Thanks for your help.
I have tried ti contact the manufacturer for some more information and an application note/cinditioning circuit example/help.
So will see if they come back with anything.
I will keep everyone, who have helped updated to what they come back with.
So, the first thing I would do is beg, borrow, or <gasp> buy one to try it out on a breadboard setup. It is especially important to get the pulsed application of V
H and V
C performed properly. The datasheet offers a pretty good starting point on what you need to supply V
H followed by V
C power pulses.
Note that the tin-oxide sensor bead is both thermally and electrically connected to the low-resistance (typically only 1.8 Ω) heater element. The V
C power is applied
after V
H power is removed because of this common connection. You don't want the voltage drop in the heater element to interfere with the resistance measurement of the tin-oxide bead, but you can't wait too long to measure that resistance using V
C because the sensor will begin cooling as soon as power to the heater is removed. How fast it cools depends on factors you have little or no control over: gas flow through the vent holes in the ceramic carrier and thermal conductivity of the ceramic carrier from sensor bead to ambient temperature. The fact that the sensor resistance has a logarithmic response to gas concentration probably also means its response to temperature is probably highly non-linear as well.
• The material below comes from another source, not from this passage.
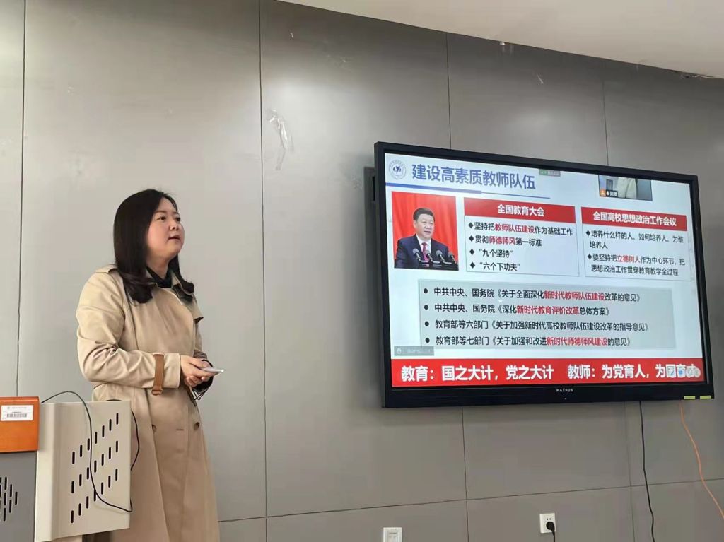 会议邀请了三位校机关部处领导做专题报告,分别是人事处/教师工作部李丹副部长做“做一名“四有”好老师”专题报告,研究生管理处王扬副处长做“精准发力,构建体系,提升研究生思政育人实效”专题报告,研究生院培养处蔡军副处长做“研究生培养全过程质量保障体系的系列文件制定(修订)情况介绍”专题报告。李丹副部长首先带领大家学习了习近平总书记关于高校教师队伍建设的重要指示精神,重点学习了习近平总书记对“好老师”的阐述,随后介绍了学校“立德树人奖”的设立和运行情况以及几位获奖教师的育人典范事迹,最后列举若干师德失范行为,并介绍学校师德考核工作安排。王扬副部长首先带领大家学习了中央对高校思想政治工作的要求,阐述了研究生导师的职责,随后介绍了我校研究生思政工作的整体情况和现状,最后重点讲解我校“三横三纵”学生工作体系、研究生导学关系建设总体方案及学校各部门协同联动工作方案。蔡军副处长介绍了2021年学校人才培养大会确定的今年两大任务:研究生全过程培养质量管理及改进研究生导学关系,随后介绍了研究生培养全过程质量保障体系的系列文件制定及修订工作进展,并对相关文件制度逐一做了要点解读,最后对学校后续相关工作安排做了介绍。

Oh, well, just having the gas-concentration sensing capability in a non-destructive, low-power, sensor element is probably worth any extra effort required to utilize it. Does anyone here remember when Bosch oxygen sensors had to be heated to exhaust manifold temperatures before they started to work? This meant a rather long delay after starting the engine before a stoichiometric fuel mixture could be provided. Bosch later added resistance heaters to their line of oxygen sensors so they would begin to provide good data long before the ICE (Internal Combustion Engine), whose fuel/air mixture the sensors were monitoring, reached operating temperature.
This little Japanese sensor appears to respond rather quickly, albeit with a lengthy duty cycle of 0.06 seconds on, followed by 1.94 seconds off, or a minimum cycle time between data readings of 2.00 seconds, or a maximum of 30 measurements per minute. The datasheet also says that this heating/cooling regimen be followed for at least 48 hours of "preheating" before the data is reliable under the manufacturer's test conditions. I think this is probably a CYA statement, but it wouldn't hurt to provide a "warm up" period before making measurements. You can record the data to spot any drift attributable to temperature changes in the ceramic carrier before deciding whether this is something you have to worry about.
Based on information you gather from inspection of the datasheet, you need to specify the
range of gas concentrations and the
resolution to which you want to measure those concentrations. This is an analog sensor, so the output varies in a continuous fashion from about 10 kΩ in clean air to about 1000 Ω at a concentration of about 40 ppm for acetone or ethanol vapors. Other ratios for other gasses. See Figure 4, Sensitivity Characteristics, in the datasheet. This means the analog voltage you measure during the V
C pulse is going to be highly non-linear as a function of gas concentration. Also, resolution is not the same as accuracy, but unless I missed it, I did not see an accuracy specification listed anywhere on the datasheet. I would design for at least 1% resolution of the raw sensor data measurement, V
S, over a sensor resistance, R
S, range of 200 Ω to 10,000 Ω. Keep the load resistance, R
L, as high as possible but always greater than 200 Ω.
Since your data acquisition rate is low, you should look for an embedded sigma-delta analog-to-digital converter with 22 to 24 bits of resolution and a full-scale input voltage of between one and ten volts. That should allow you to directly connect to, and digitize, the V
S output signal. After digitization, use floating-point arithmetic to remove the DC offset and to scale the output to the maximum and minimum concentrations you want to measure. What you do with the floating-point results is up to you... maybe pass them along to a threshold algorithm that lights up green, yellow, and red LEDs, color depending on gas concentration. Or maybe just sound a buzzer alarm.